Fact Checking and Question Answering
- In FC, models must explicitly judge evidence sufficiency before making veracity predictions (Atanasova et al., 2022). Diagnostic benchmarks remove constituents or sentences to expose sufficiency blind spots, with augmentation methods improving detection.
- In QA, sufficiency is formalized as the presence of all required information to answer a question. An “Identify-then-Verify” framework, combining generative missing-information hypotheses with critical verification, achieves higher reliability on inferential questions (Jain et al., 6 Dec 2025).
Autonomous Decision-Making
- In multi-agent reinforcement learning (e.g., AV interaction), reward bonuses should be “information-sufficient”: the incentive for exploration vanishes exactly when no further belief refinement can increase expected reward. Reward gains, rather than entropy, provide IS-compliant exploration behavior (Geary et al., 2021).
Label-Efficient Learning
- Sufficiency principles allow learning high-quality representations using only “sufficiently-labeled” data—e.g., pairwise “same-class or not” queries—then training a linear head with very few absolute labels. This reduces annotation cost without sacrificing generalization (Duan et al., 2021).
Probabilistic Models
- In Bayesian networks, IS and separability are equivalent: the child’s CPT is additively separable iff marginals of parents suffice to determine the child’s distribution. In temporal models, families of self-sufficient subsystems enable tractable marginal propagation without full joint probability updates (Pfeffer, 2013).
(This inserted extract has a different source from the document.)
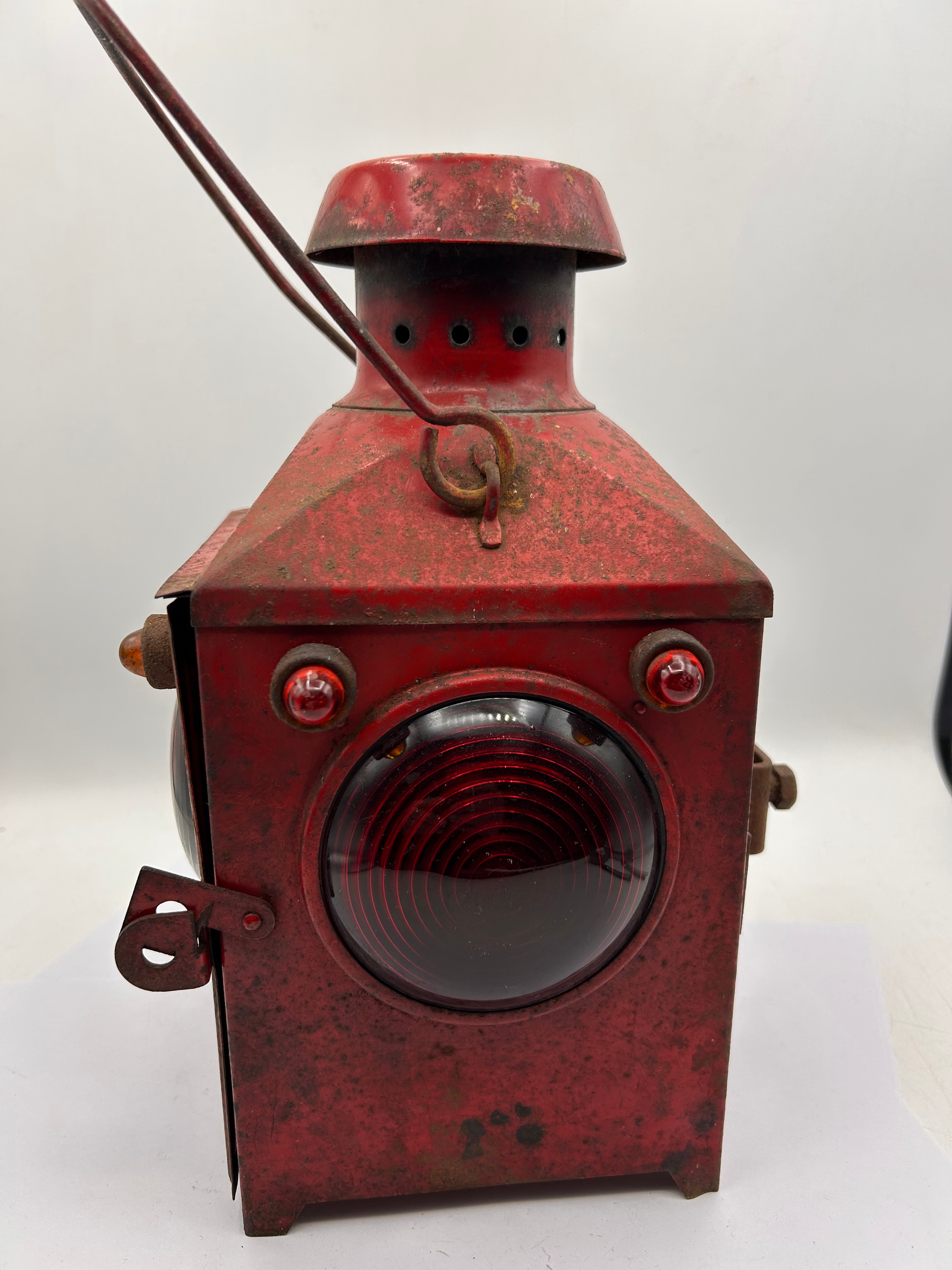 A vintage railway signal lantern, featuring a red-painted metal square body with a conical ventilation cap and a metal carrying handle. It is equipped with multiple glass lenses, including two large, round, ribbed Fresnel-style lenses—one clear and one red—on adjacent sides, complemented by smaller amber “jewel” lenses positioned above them. No visible manufacturer markings or text are discernible.

6. Limitations, Failure Modes, and Generalization
IS is a property relative to a specified target/task and statistical structure. Several findings highlight its nuanced role:
- Sufficiency alone does not guarantee minimal or interpretable representations; minimality is essential for true probabilistic coding (Kalburge et al., 17 Dec 2025).
- In explanation, IS quantities (such as contextual impact from rationale ablation) guide faithfulness but may poorly capture absolute informativeness or learnability; in some tasks, non-rationale context can be even more predictive (Kamp et al., 20 Nov 2025).
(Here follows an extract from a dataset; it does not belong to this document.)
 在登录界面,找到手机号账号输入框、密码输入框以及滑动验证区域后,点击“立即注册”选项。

- IS is strictly weaker than universal informativeness orders (e.g., Blackwell’s criterion); task-focused IS allows greater economy but only for the specific decision or inference problem (Bennouna et al., 17 Feb 2026).
- Failure modes arise when sufficient statistics or maps are not available due to model or experimental restrictions, or when information cannot, in principle, be compressed without loss for the required task.
7. Impact and Future Directions
Information Sufficiency unifies a broad range of methodological advances by providing a rigorous framework for lossless, task-aware compression of information:
- Guiding summary statistic design and evaluation in cosmological and scientific inference (Sui et al., 11 Nov 2025).
- Enabling new task-focused data collection and experimental design paradigms in optimization (Bennouna et al., 17 Feb 2026).
- Clarifying the geometric and functional role of divergences and regret in learning, statistical mechanics, and finance, and enforcing KL divergence as the unique measure under sufficiency (Harremoës, 2015, Harremoës, 2017, Harremoës, 2016).
- Informing explanation and interpretability frameworks for black-box models, yielding exhaustive local sufficient explanations and transparent metrics (Watson et al., 2021).
- Structuring label-efficient learning and data annotation pipelines with minimal loss in performance (Duan et al., 2021).
Active research is extending IS toward minimality constraints, multi-task and adaptive data collection, richer sufficiency metrics in explainability, and full integration into automated decision-systems. Open challenges include generalizing IS to adversarial settings, interacting sufficiency across multiple data sources or system components, and developing scalable algorithms for high-dimensional or complex structured domains.